Social activists have highlighted another dimension: the impact on ordinary citizens. Rising energy imports from the US and Venezuela may secure supplies, but they are unlikely to reduce costs for consumers. In fact, dependence on US energy could expose India to price volatility and geopolitical risks. The government’s insistence that energy security for 1.4 billion Indians is paramount rings hollow when the strategy is built on external dependence rather than internal resilience.
Political commentators like Dr. Satish Misra have described the government’s approach as “theatrics of reform.” By projecting the deal as a triumph, Modi and Goyal are attempting to shift attention away from domestic failures—rising crimes against women in BJP states, religious commercialization in Uttarakhand, and the lack of accountability in defence procurement. The trade deal becomes a narrative tool, a way to claim global success while evading domestic scrutiny.

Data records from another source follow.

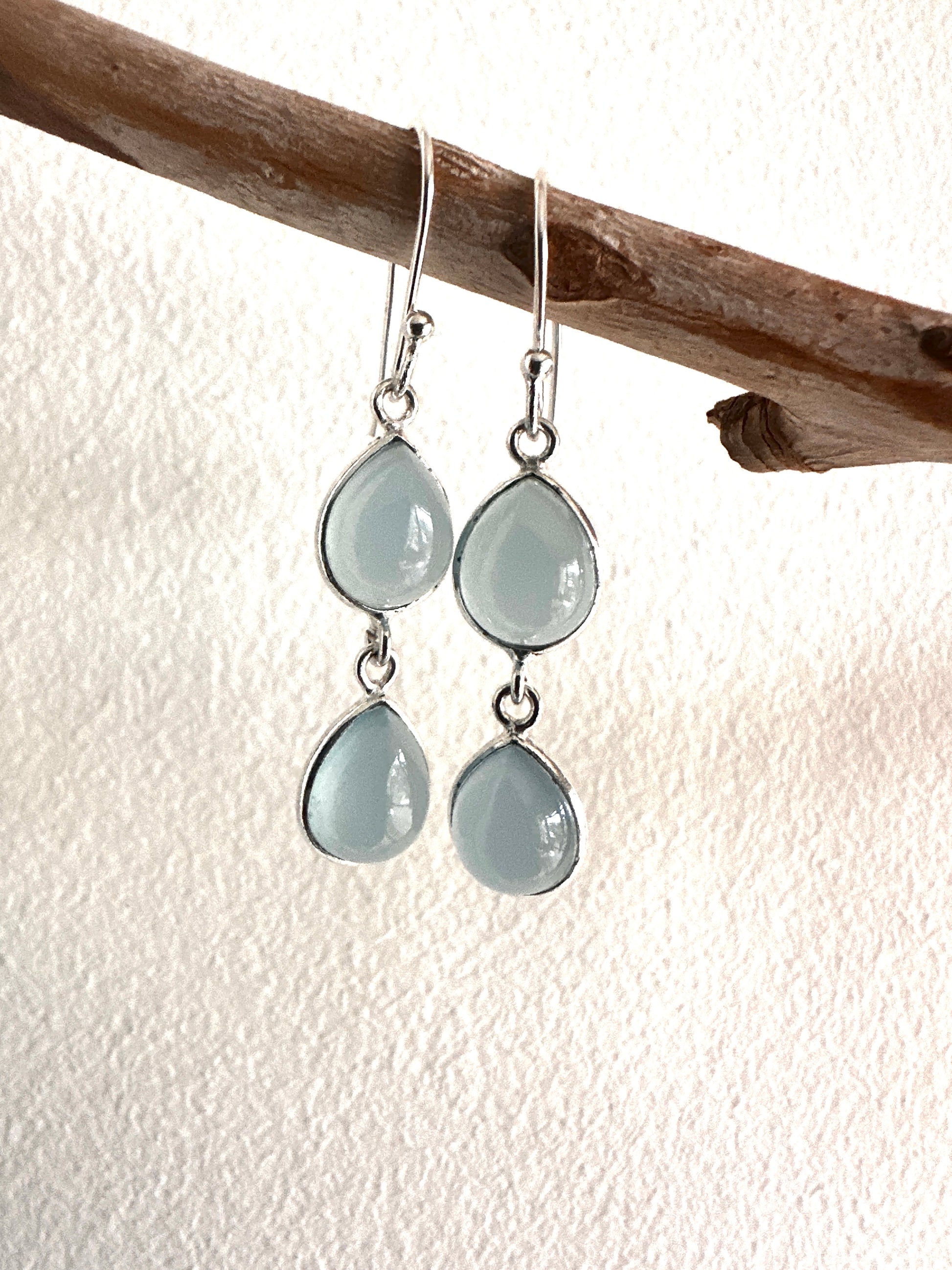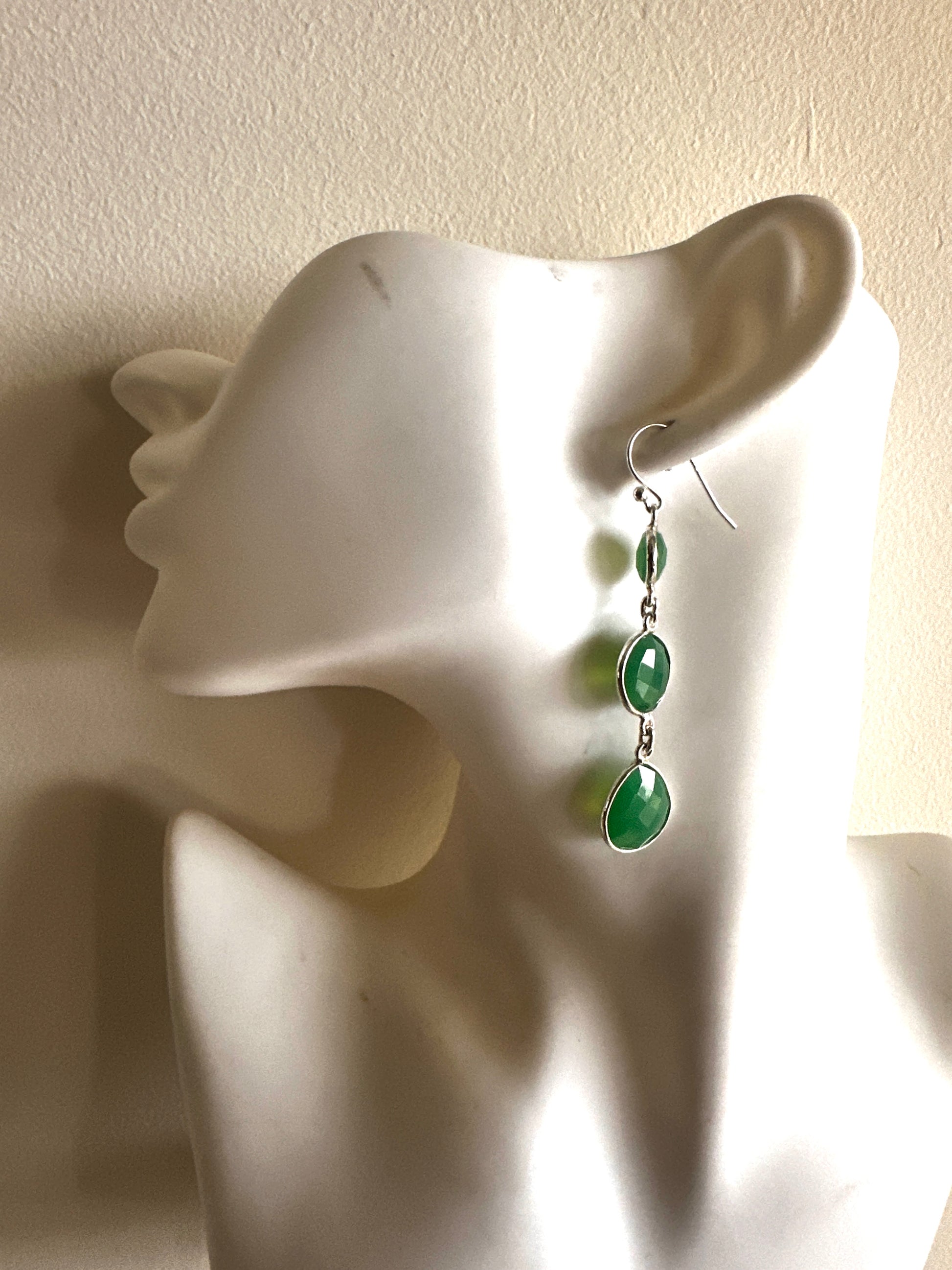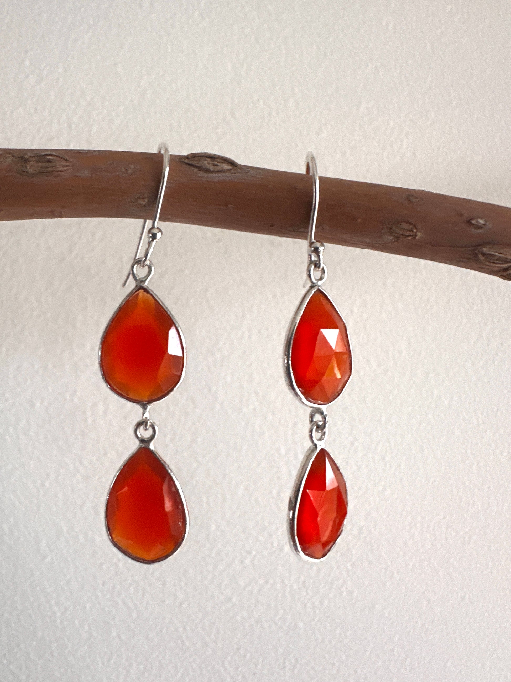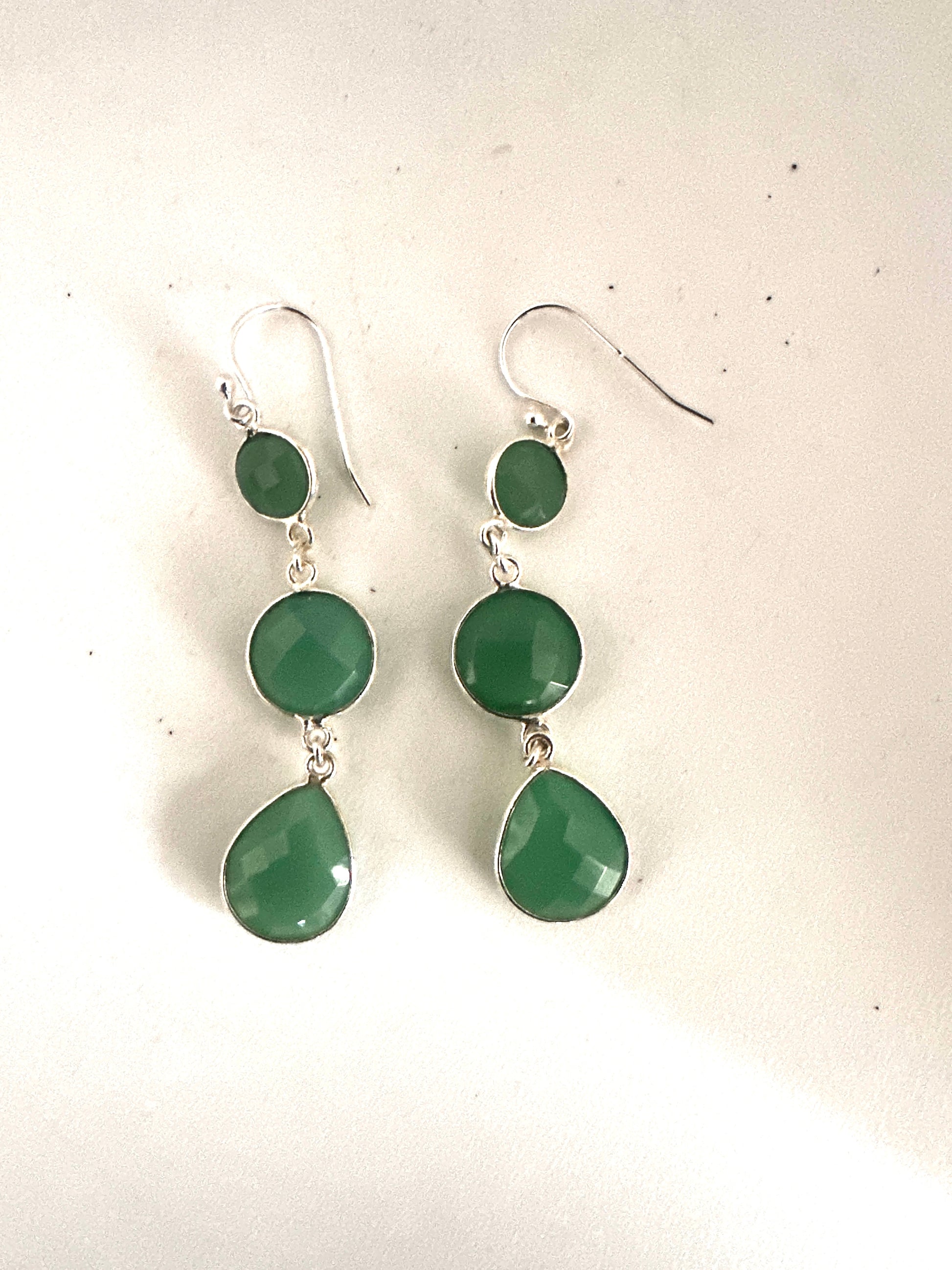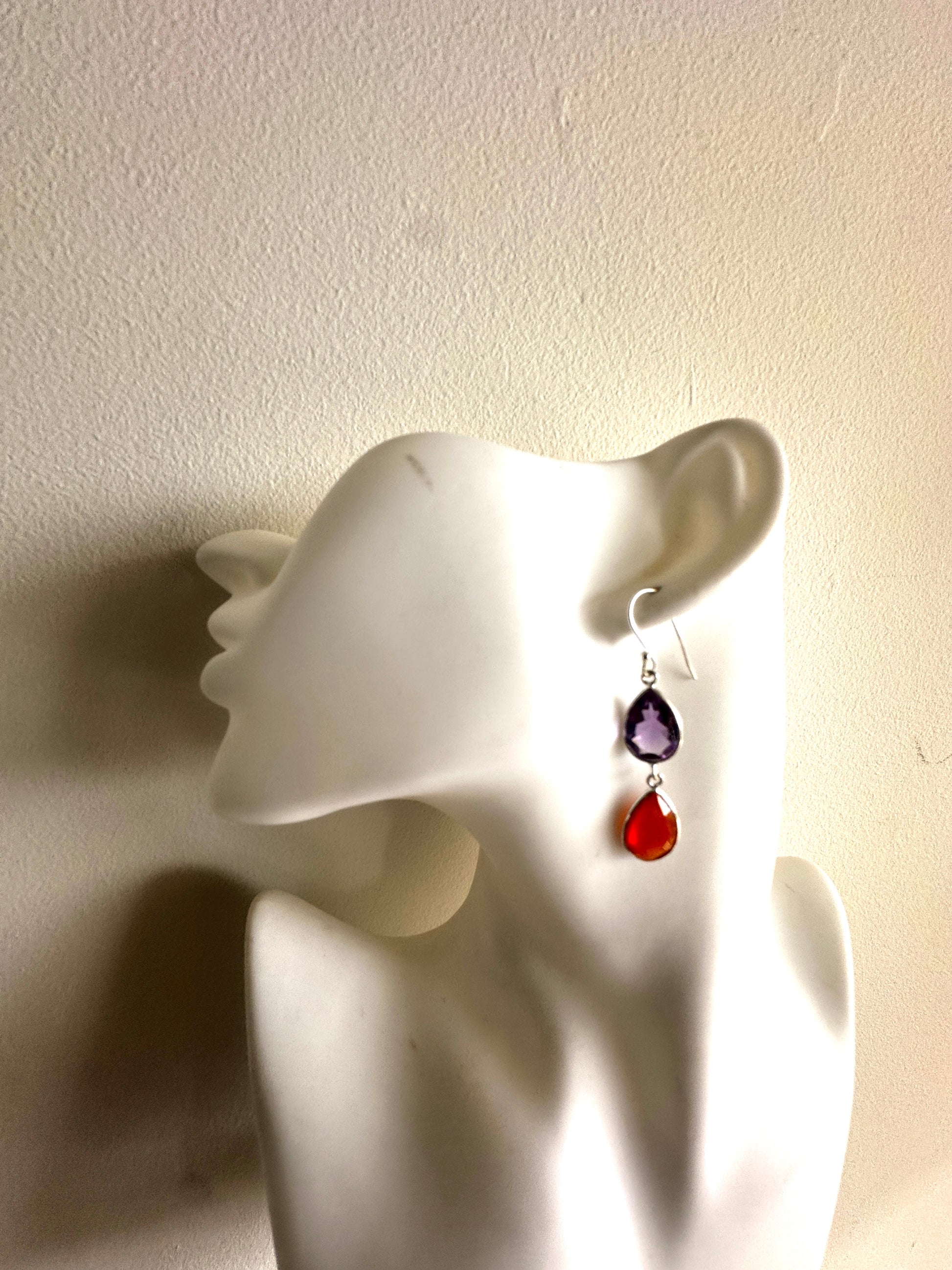 These earrings feature faceted tear-shaped stones expertly set in sterling silver, combining various stone arrangements for a refined look. Their delicate design and elegant craftsmanship make them an ideal accessory for formal occasions, adding subtle sophistication to any ensemble.
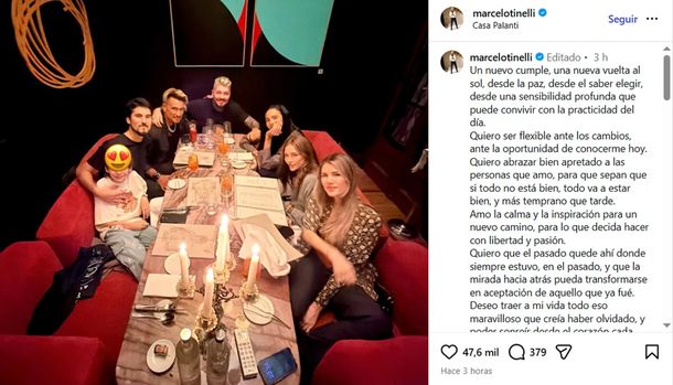 Más allá del festejo, el conductor utilizó sus redes sociales para compartir una reflexión personal sobre el momento que atraviesa. Con un tono introspectivo, escribió: “Un nuevo cumple, una nueva vuelta al sol, desde la paz, desde el saber elegir, desde una sensibilidad profunda que puede convivir con la practicidad del día”.
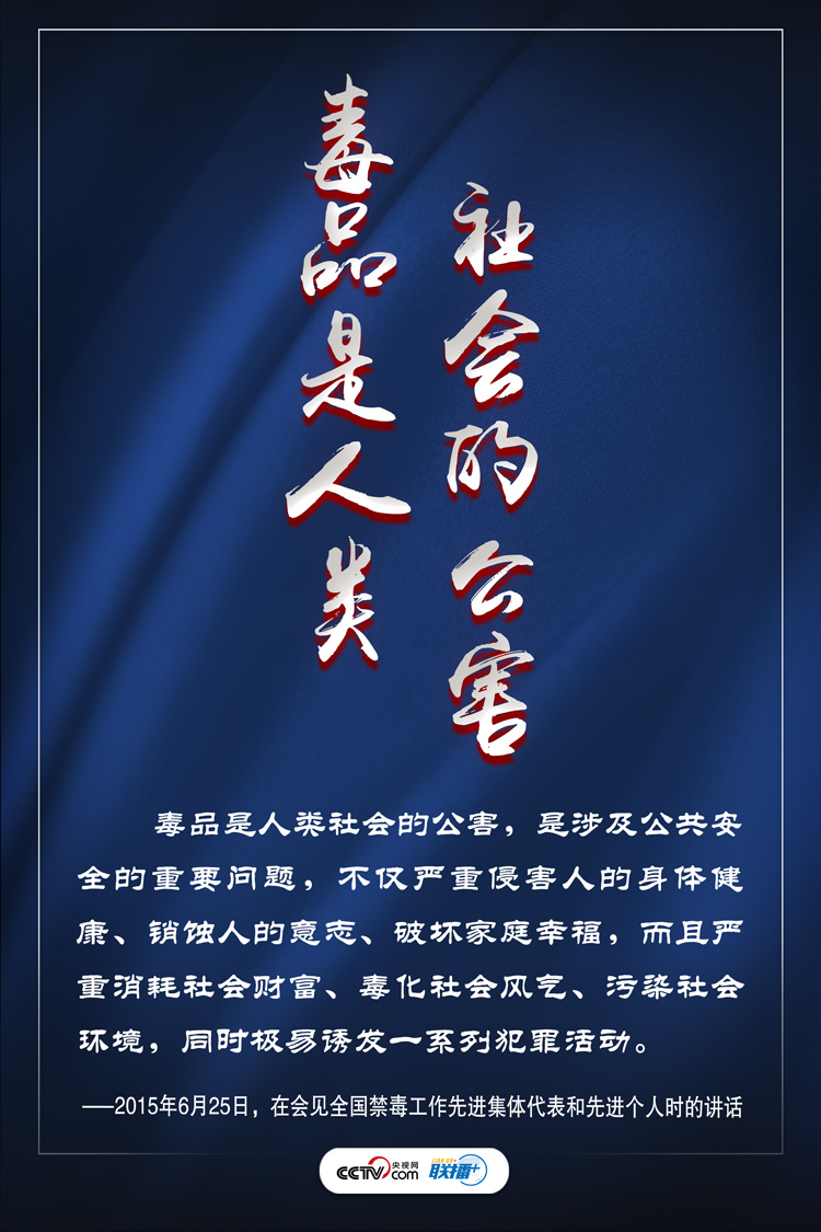 禁毒工作事关国家安危、民族兴衰、人民福祉。近年来,习近平总书记秉持以人民为中心的发展思想,多次就禁毒工作发表重要讲话,将全民禁毒提升至新的高度。央视网《联播+》特进行梳理,与您一起学习领会,提高禁毒意识,坚定打赢禁毒人民战争的信心。
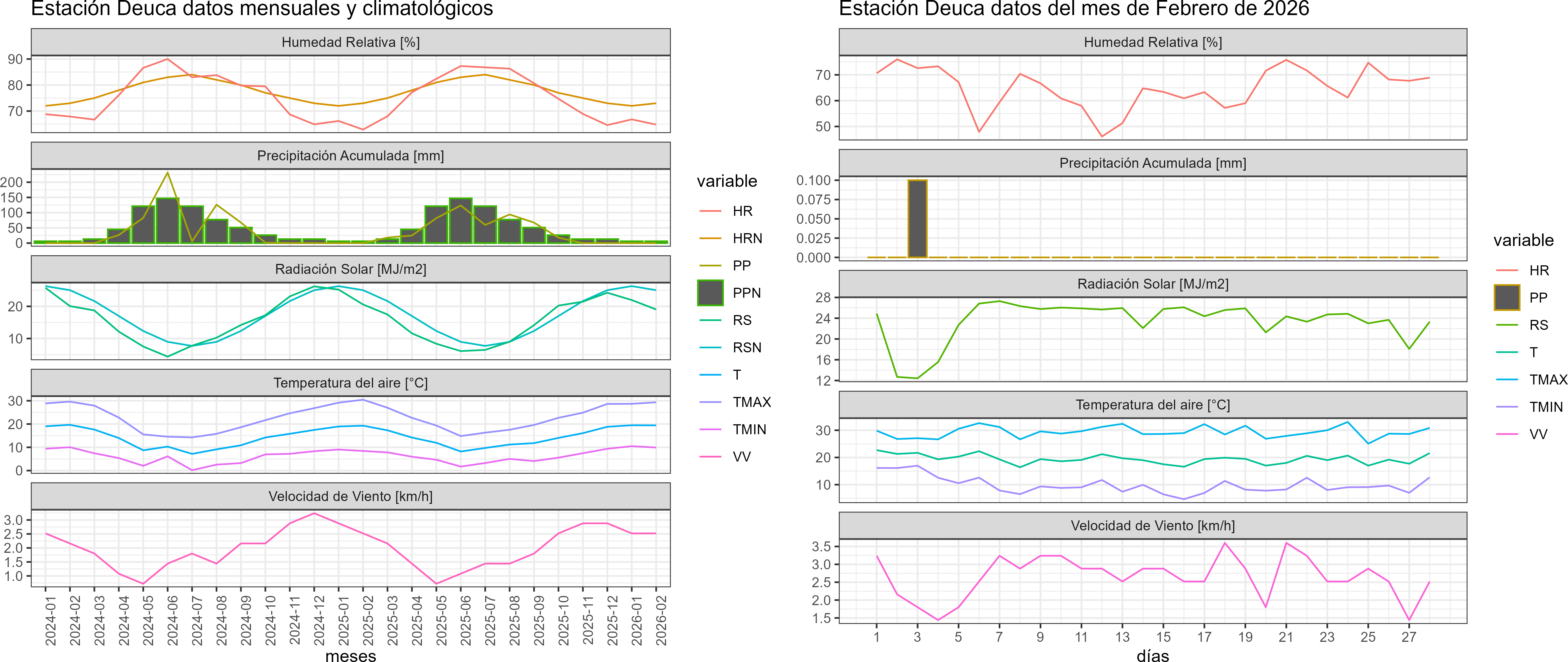 La estación Deuca corresponde al distrito agroclimático 6-7-1. Para este distrito climático la temperatura mínima, media y máxima climatológicas alcanzan los 10.1°C, 19.4°C y 28.7°C respectivamente. Por su parte, respecto a las temperaturas medidas durante el mes de febrero en la estación: la temperatura mínima alcanzo los 9.9°C (-0.2°C bajo la climatológica), la temperatura media 19.4°C (Igual al valor climatológico) y la temperatura máxima llegó a los 29.3°C (0.6°C sobre la climatológica). En el mes de febrero se registró una pluviometría de 0.1 mm, lo cual representa un 2.5% con respecto al mismo mes de un año normal. De enero a febrero se ha registrado un total acumulado de 0.2 mm, en circunstancias que un año normal registraría a la fecha 6 mm, lo que representa un déficit de 96.7%. A la misma fecha, durante el año 2024 la precipitación alcanzaba los 0 mm.
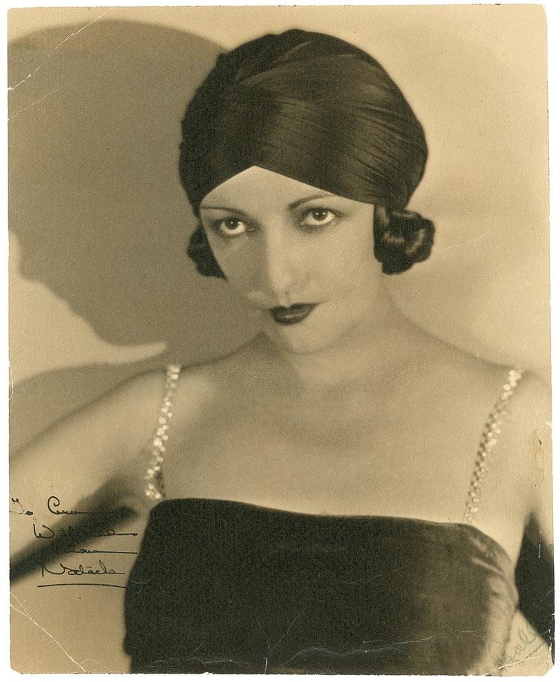 Ballerina, set designer, costume designer, actress, and second wife of Rudolph Valentino. She exhibited such control over his films that Paramount barred her from her husband’s sets; they divorced shortly afterward. Vintage matte-finish 10 x 12.5. Ball portrait of Rambova in a daring velvet sheath and turban, signed and inscribed in fountain pen, and also signed in green crayon in the lower right corner by the photographer. Photo is affixed to an identical size sheet of cardboard. In very good condition, with scattered creasing to corners and edges, most of which could be matted out. Pre-certified PSA/DNA and RRAuction COA.

The opposition’s critique is sharp: India is not negotiating from a position of strength but from a position of vulnerability. The promise of tariff reductions is being used to mask the reality of massive import commitments. The government’s refusal to clarify its stance on Russian oil is symptomatic of a larger problem—the erosion of strategic autonomy. By aligning too closely with Washington, India risks alienating traditional partners and compromising its ability to pursue an independent foreign policy.
In the end, the India-US trade deal is less about economics and more about politics. It is about projecting India as a global player while quietly conceding ground to American interests. The government’s narrative of reform, perform, transform may resonate in speeches, but the numbers tell a different story. Imports worth $500 billion, exports gains of perhaps $60 billion, widening deficits, compromised autonomy, and weakened domestic industry—this is not the path to Viksit Bharat but a detour into dependency.
The joint statement may be issued in a few days, and the formal agreement may be signed in March, but the real question is whether India is signing away its leverage for the sake of optics. The opposition believes so, and experts across sectors echo the concern. Modi’s government may celebrate the deal as a victory, but history may judge it as a costly compromise.